One strategy to potentially reduce limitations of conventional study designs and identify candidate associated genes is to apply gene-level association tests that aggregate potential regulatory effects of genetic variants on genes [3,4,5,6,7]. Due to the random assortment of genetic alleles transferred from parent to offspring at the time of gamete formation, this approach focusing on genetically predicted gene expression should be less susceptible to selection bias, confounding effects, and reverse causation [8]. In the past several years, we and others have developed novel statistical methods in such transcriptome-wide association studies (TWAS) [3,4,5,6,7, 9]. The conventional TWAS design aims to develop genetic prediction models for gene expression using statistical methods, and further apply the gene expression prediction models to genome-wide association study (GWAS) data sets of the diseases of interest to identify genes with genetically predicted expression and associate them with the diseases. Applying such methods, we and others have conducted TWAS of multiple human diseases and identified multiple disease related genes [3, 5, 8,9,10,11].

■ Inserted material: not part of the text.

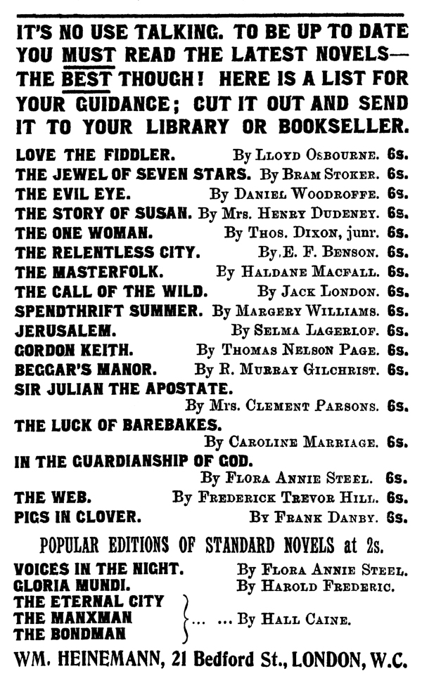 M. A. P. (Mainly About People), London, January 30, 1904 References [1] Dalby, Richard and William Hughes. Bram Stoker: A bibliography, Essex: Desert Island Books, 2004, p63. |

Besides the conventional TWAS design, there are opportunities to develop novel integrative analyses by incorporating additional epigenetic and functional information. For example, DNA methylation interacts between genome and environment and is established to play an important role in the etiology of multiple diseases. It is known that DNA methylation could potentially regulate expression of genes. In several methylome-wide association studies (MWAS), we found that specific CpG sites could influence disease risk by regulating the expression of disease target genes [12, 13]. In earlier work, we have also shown that integrating information on enhancer–promoter interactions can improve statistical power for gene-level association tests [9, 14]. Built upon these works, we recently developed a novel gene-level association testing method, cross-methylome omnibus (CMO), by integrating genetically regulated DNA methylation in promoters, enhancers, and the gene body to identify disease related genes [15]. As demonstrated in our recent work, through simulation analyses and applied analyses of brain imaging–derived phenotypes and Alzheimer disease, CMO achieves high statistical power while well controlling for the type I error rate [15]. Importantly, CMO could reproducibly identify additional Alzheimer disease–associated genes that are not able to be identified by competing methods. This suggests that the novel method of CMO can be a complementary method for TWAS.

Despite the productivity of TWAS design using conventional methods (e.g., TWAS or S-PrediXcan) and novel methods (e.g., CMO) in identifying novel disease-associated genes, it is worth noting that such identified associated genes do not necessarily infer causality [16]. Aligned with other reports, although TWAS is useful for prioritizing causal genes, false positive findings cannot be avoided for some of the identified associations [16]. There are several potential reasons that could induce these, such as correlated expression across individuals, correlated predicted expression, and shared variants [16]. One strategy that can potentially prioritize causal genes in TWAS analyses is fine-mapping. Recently, we and others have developed several methods for fine-mapping in TWAS [17,18,19]. Focusing on a method we recently developed, fine-mapping of gene sets (FOGS), we find that FOGS adequately controls for type I error rates under various scenarios and performs better than competing methods, including FOCUS and p value ranking of TWAS results [17, 19]. Specifically, FOGS could achieve a higher area under the receiver operating characteristic (ROC) curve (AUC), identify more causal genes at the same false positive rate, and yield a smaller number of false positives at the same true positive rate [19].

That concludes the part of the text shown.